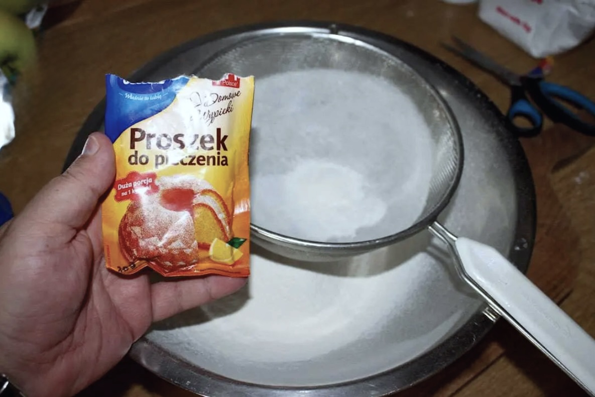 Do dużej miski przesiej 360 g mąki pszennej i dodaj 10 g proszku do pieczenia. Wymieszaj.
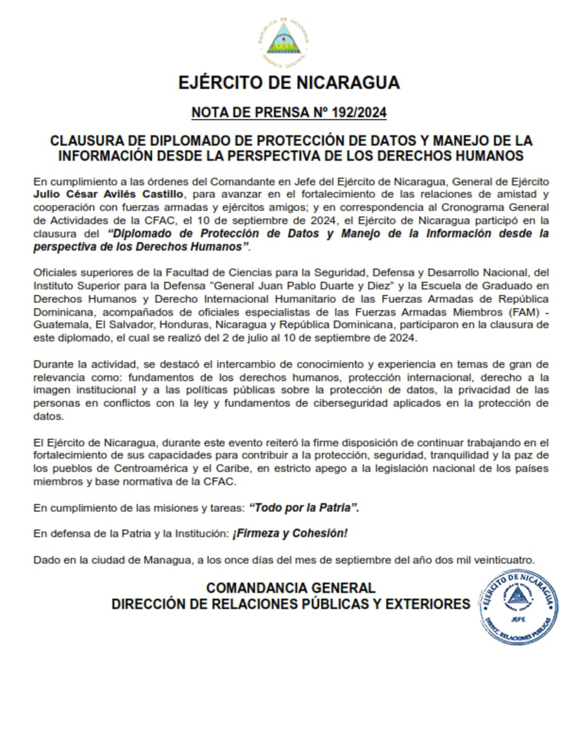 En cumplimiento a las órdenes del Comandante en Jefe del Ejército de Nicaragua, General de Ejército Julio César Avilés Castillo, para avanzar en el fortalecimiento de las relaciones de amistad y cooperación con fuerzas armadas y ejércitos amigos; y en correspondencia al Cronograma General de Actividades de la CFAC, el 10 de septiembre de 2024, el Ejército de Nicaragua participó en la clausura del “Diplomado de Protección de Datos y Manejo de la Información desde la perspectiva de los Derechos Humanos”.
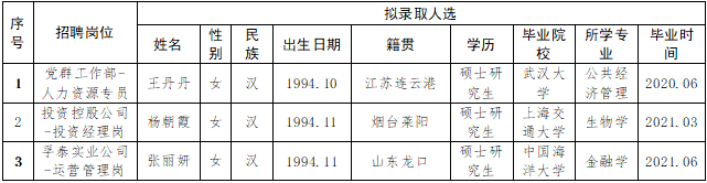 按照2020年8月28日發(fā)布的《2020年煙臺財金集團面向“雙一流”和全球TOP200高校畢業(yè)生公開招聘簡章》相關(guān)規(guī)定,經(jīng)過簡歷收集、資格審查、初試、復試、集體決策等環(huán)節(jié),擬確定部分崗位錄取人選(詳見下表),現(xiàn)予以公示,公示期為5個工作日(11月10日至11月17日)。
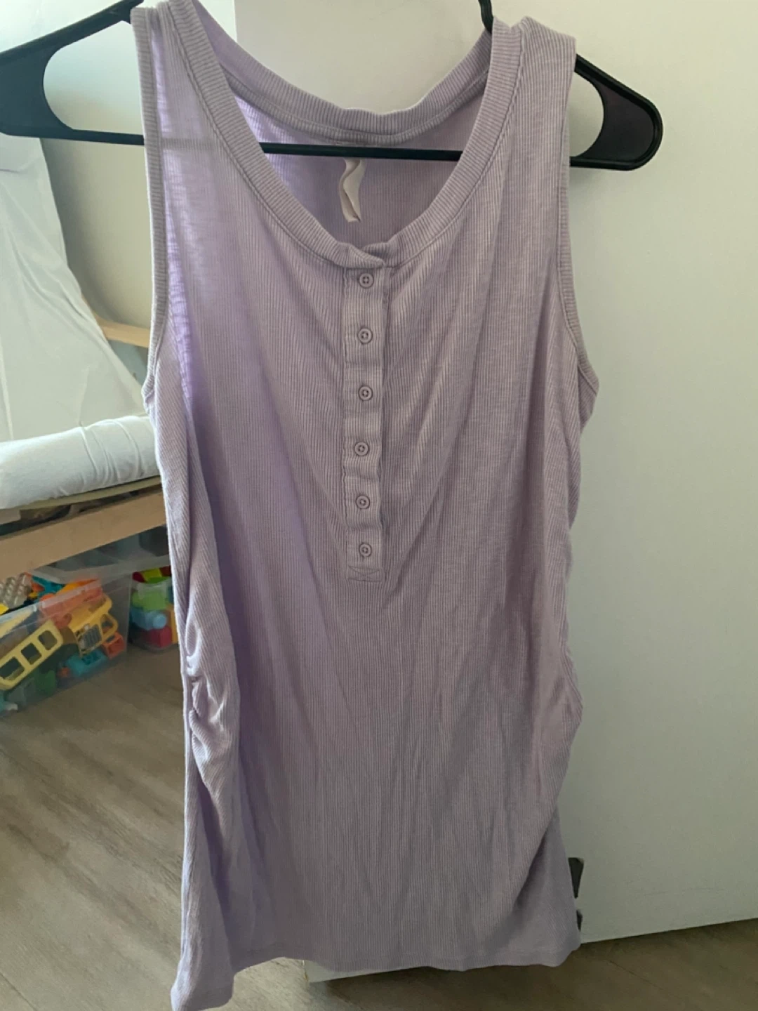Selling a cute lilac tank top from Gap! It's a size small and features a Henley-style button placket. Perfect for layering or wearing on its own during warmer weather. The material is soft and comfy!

▬▬▬▬▬▬▬▬▬▬

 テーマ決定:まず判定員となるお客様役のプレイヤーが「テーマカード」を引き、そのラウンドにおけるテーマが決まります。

▬▬▬▬▬▬▬▬▬▬

• [Problem description] Skipping the pictures, print the lines in the listing above exactly as written, starting at the line with "Do dużej miski" and ending at the line with "按照2020年8月28日發(fā)布的《", both included.

• [Solution for this task]
 Do dużej miski przesiej 360 g mąki pszennej i dodaj 10 g proszku do pieczenia. Wymieszaj.
 En cumplimiento a las órdenes del Comandante en Jefe del Ejército de Nicaragua, General de Ejército Julio César Avilés Castillo, para avanzar en el fortalecimiento de las relaciones de amistad y cooperación con fuerzas armadas y ejércitos amigos; y en correspondencia al Cronograma General de Actividades de la CFAC, el 10 de septiembre de 2024, el Ejército de Nicaragua participó en la clausura del “Diplomado de Protección de Datos y Manejo de la Información desde la perspectiva de los Derechos Humanos”.
 按照2020年8月28日發(fā)布的《2020年煙臺財金集團面向“雙一流”和全球TOP200高校畢業(yè)生公開招聘簡章》相關(guān)規(guī)定,經(jīng)過簡歷收集、資格審查、初試、復試、集體決策等環(huán)節(jié),擬確定部分崗位錄取人選(詳見下表),現(xiàn)予以公示,公示期為5個工作日(11月10日至11月17日)。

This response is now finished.